This is a little system I put together to learn about Pratt parsers and implementing simple functional programming languages. I'm curious about Pratt parsers and setting up a table with the parsing rules rather than the traditional way of capturing the parsing rules in recursive functions. I think there's some potential in updating the parsing table at parse by the program being parsed.
The source file parse.ml defines several types used in the tables, and a number of
helper functions to create values of those types. The funciton parse drives the
parser using a table. The table itself is not part of the parser code. Rather, it gets
passed in as part of the pc parameter. The parse table itself is in the file toylang.ml
in the variable pc.
The toy language is a functional language inspired by OCaml in addition to being implemented in it. Some differences include:
- the language is not type checked
- there are no:
- strings
- exceptions
- modules
- libraries
- comments
- floating-point numbers
- user-defined types
- pattern matching
- the keyword to create functions is
fnrather thanfun - function definitions must have exactly 1 argument
- recursive functions are defined with
fix...and...in...rather thanlet rec...and...in... - there is no shorthand way of defining functions with
let - prefix
-(negation) has the same precedence as multiplication - the
elseclause in anif...then...else...expression is manditory - there is no way to define infix operators
- simplistic tokenizer (see below)
Identifiers are alphabetic characters only; no underscore or digits. The lexer understands 3 classes of characters: alphabetic; digits; and, printable symbols. Space is only significant to separate tokens. The tokenizer will greedily consume a sequence of characters of a class into one token.
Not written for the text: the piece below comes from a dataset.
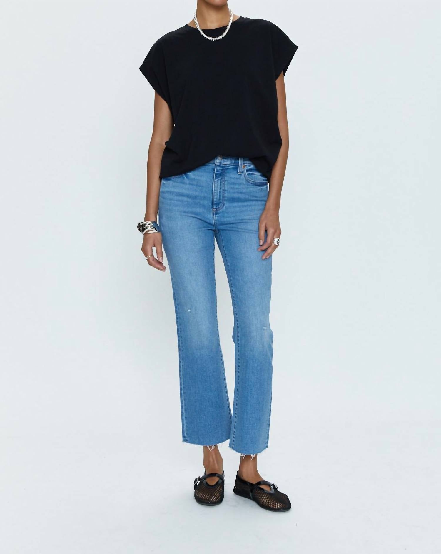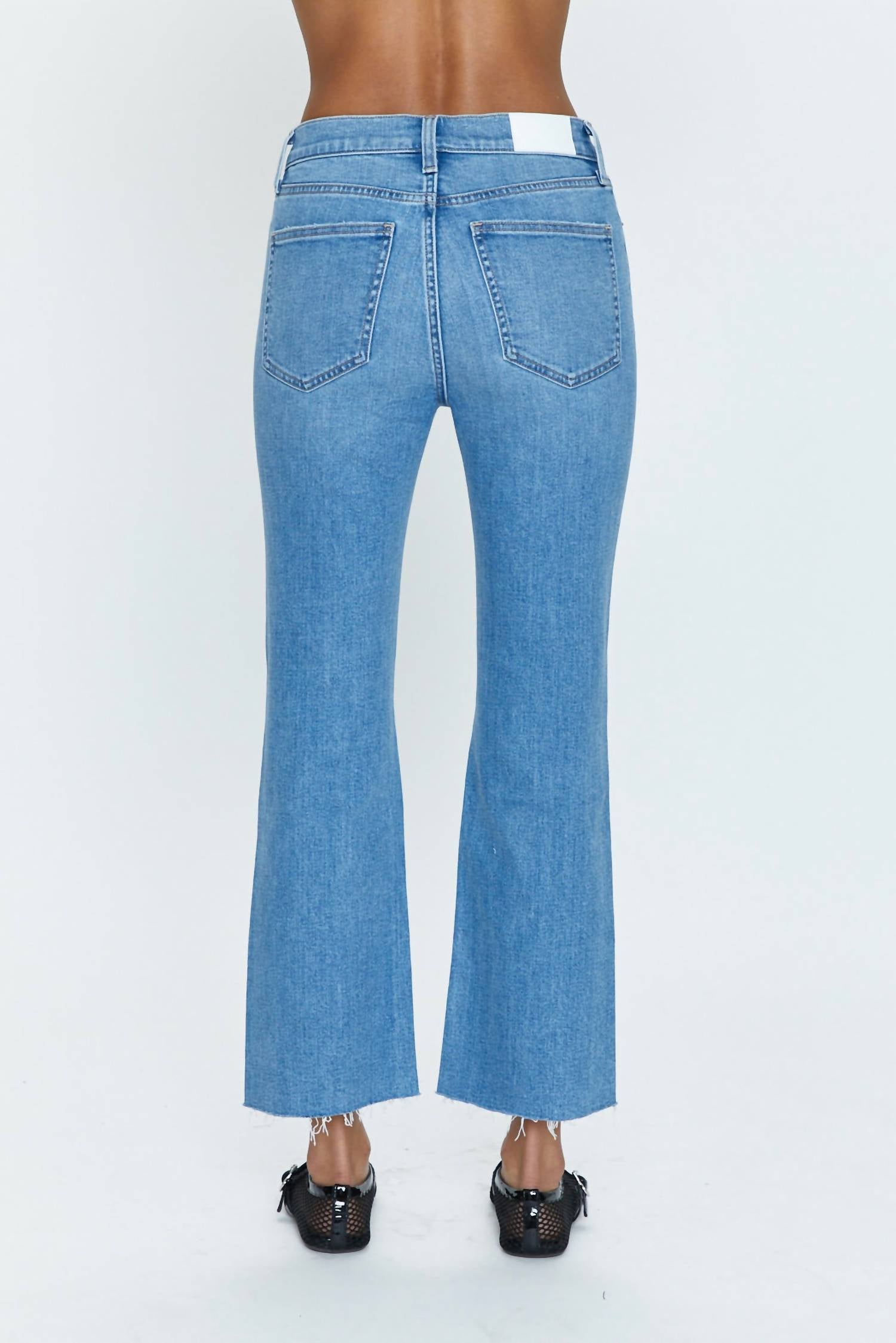 Fique na moda com estas calças boot cut estilosas e com caimento perfeito. A combinação perfeita de conforto e estilo, você vai querer usá-las a estação toda! Saia com estilo com a Bota Crop Lennon High Rise da PISTOLA, um jeans bootcut deslumbrante na cor azul Langford Vintage. Com uma costura interna de 68 cm e cós de 28 cm, este jeans se ajusta perfeitamente dos quadris aos joelhos antes de abrir para um efeito elegante e proporcional. Confeccionado em uma mistura de algodão com 94% algodão, 5% poliéster e 1% elastano, oferece conforto e durabilidade. O fechamento é sem costuras com botão e a lavagem é fácil, com recomendação de lavagem com água fria para maior durabilidade. A modelo tem 1,75 m e veste tamanho 26.

The string abc123 is interpreted as two tokens abc and 123. The string ))) will
become a single token of three closing parenthesis rather than three tokens of a single
parenthesis each. What you want is probably ) ) ). The only multi-punctuation operators
in the language are ->, ||, &&, <=, >=, **, @@, and !=. Other sequences of
punctuation characters will probably cause unusual errors.
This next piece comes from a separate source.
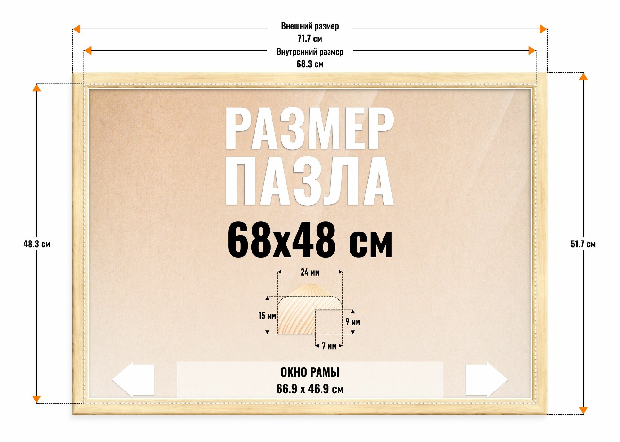 Рамка для пазла 68х48 см, фоторамка деревянная. Неокрашенная, cкругленный профиль 24х16 мм. Карельская сращенная сосна: сравнение цен, характеристики, фото, актуальное наличие и цены.

Note: This repository only has the interesting parsing pieces and does not build.
One can use ocamlbuild to create an executable, like so
ocamlbuild toylang.native
To run the REPL,
./toylang.native
There is a simple command line interface with a primitive REPL. There is no support for line editing except backspace. Any syntax or parsing error will cause the REPL to abort with an exception message.
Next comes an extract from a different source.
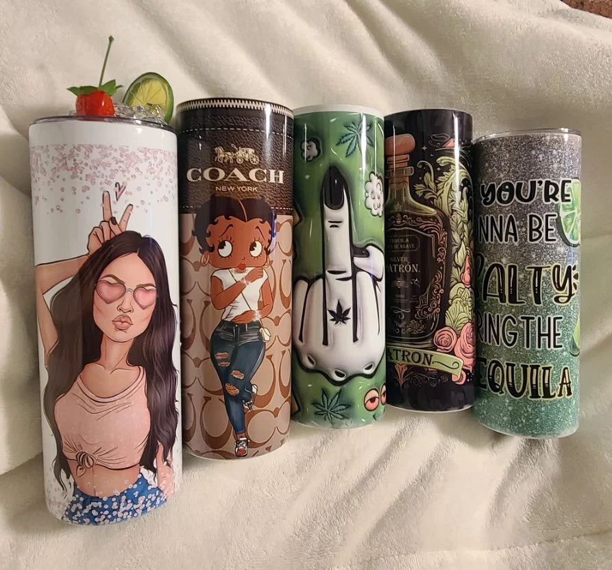 We offer clear, frosted and gradient-colored glasses with various designs to compliment any occasion. Using sublimation and UV/DTF transfers we can create one of kind cans. Each glass comes with a bamboo lid and straw. Decorated lids can be added for that finishing touch.

A ? is the prompt. A ?? is the continuation prompt: the REPL has detected a partial
expression and is waiting for the remainder. If you want to abandon the partial
expression, enter an empty line.
CTRL-C to exit.
? 2 + 3
5
? -3**2
-9
? let x = 2 in let y = 3 in y - x
1
? let x = 2 and y = 3 in y - x
1
? let x = 2 in if 1 = 1 then let y = 4 in x + y else 7
6
? let x = 2 in if 1 = 2 then let y = 4 in x + y else 7
7
? (fn a -> a + 3) 7
10
? let a = (fn x -> fn y -> x + y + 1) in a 2 3
6
? let a = (fn x -> fn y -> x + y + 1) in a 2 (2 + 1)
6
? let a = (fn x -> x + 2) in a3
5
? (let x = 2 in (fn y -> x + y) ) 3
5
? fix even = fn x -> if x = 0 then true else odd (x - 1) and odd = fn x -> if x = 0 then false else even (x - 1) in even 88
tis true
? fix even = fn x -> if x = 0 then true else odd (x - 1) and odd = fn x -> if x = 0 then false else even (x - 1) in even 89
tis false
? fix a = (fn x -> x + 1) and b = (fn x -> x + 2) in a (b 3)
6
? fix A = fn m -> fn n -> if m = 0 then n + 1 else if (m > 0) && (n = 0) then A (m - 1) 1 else A (m - 1) (A m (n - 1) ) in A 3 4
125
A let... or fix... expression without an in... clause will expand the REPL's global
environment:
? let id = (fn x -> x)
? id 3
3
? let a = 3
? a
3
? let a = a + 1 in a
4
? a
3
? fix even = fn x -> if x = 0 then true else odd (x - 1) and odd = fn x -> if x = 0 then false else even (x - 1)
? even 88
tis true
? odd 89
tis true
Entering only part of an expression with cause the REPL to prompt for the rest of it:
? let a = 3 in
?? let b = 4 in
?? a + b
7
?
? let a = 3 in
??
?
This code is originally from early 2018. I've only recently added it to my GitHub.